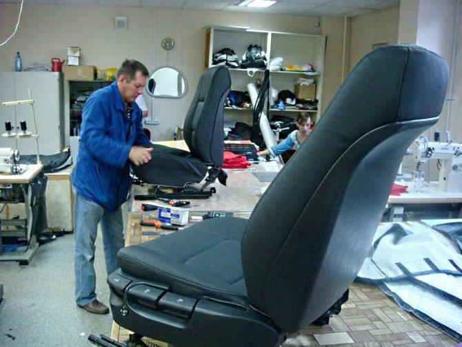 Такая процедура предполагает полную разборку всех элементов кресла, восстановление потертых составляющих, а также сборку сидения. Для того чтобы выполнить все необходимые работы, нужно подобрать подходящий материал для обивки. Выбор тут следует делать, отталкиваясь от особенностей интерьера вашего авто.
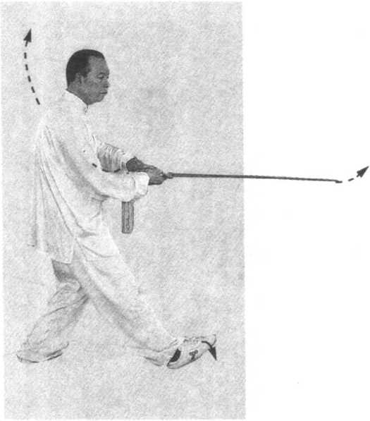 左脚迈步时须经右腿内侧划一小弧形再向前落步。扣腕 收剑时可略含胸,弓步前刺时则可略展胸,与转腰、胸腹的虚 实变化协调一致。
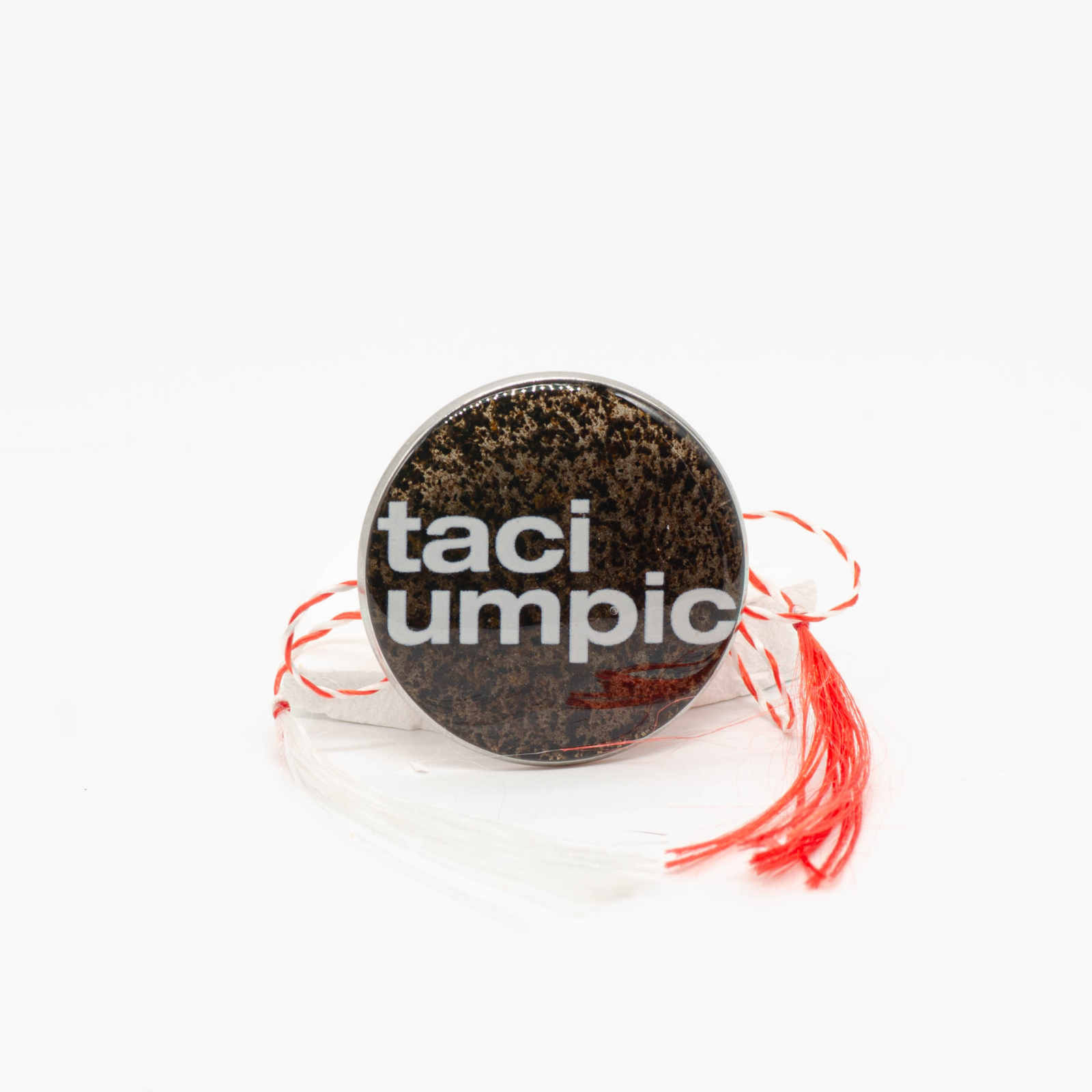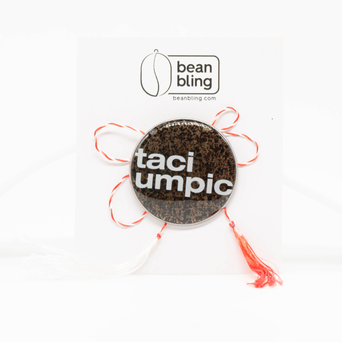 Mărțișor-bijuterie tip broșă/pin, rotund, cu mesajul „taci umpic” scris alb, peste un fundal lucrat din zaț de cafea prins în rășină. Textura de zaț rămâne vizibilă, ca un pattern natural, așa că se vede din prima că e un obiect pentru coffee lovers, nu doar un badge cu text simpatic. Finisajul este lucios, curat, astfel încât mesajul se citește ușor.

◆ ◆ ◆ ◆

The problem: Only the lines from the start of the material to the line with "左脚迈步时须经右腿内侧划一小弧形再向前落步。扣腕 收剑时可略含胸,弓步前刺时则可略展胸,与转腰、胸腹的虚 实变化协调一致。", inclusive, belong in the answer, printed exactly and free of pictures.

Response:
 Такая процедура предполагает полную разборку всех элементов кресла, восстановление потертых составляющих, а также сборку сидения. Для того чтобы выполнить все необходимые работы, нужно подобрать подходящий материал для обивки. Выбор тут следует делать, отталкиваясь от особенностей интерьера вашего авто.
 左脚迈步时须经右腿内侧划一小弧形再向前落步。扣腕 收剑时可略含胸,弓步前刺时则可略展胸,与转腰、胸腹的虚 实变化协调一致。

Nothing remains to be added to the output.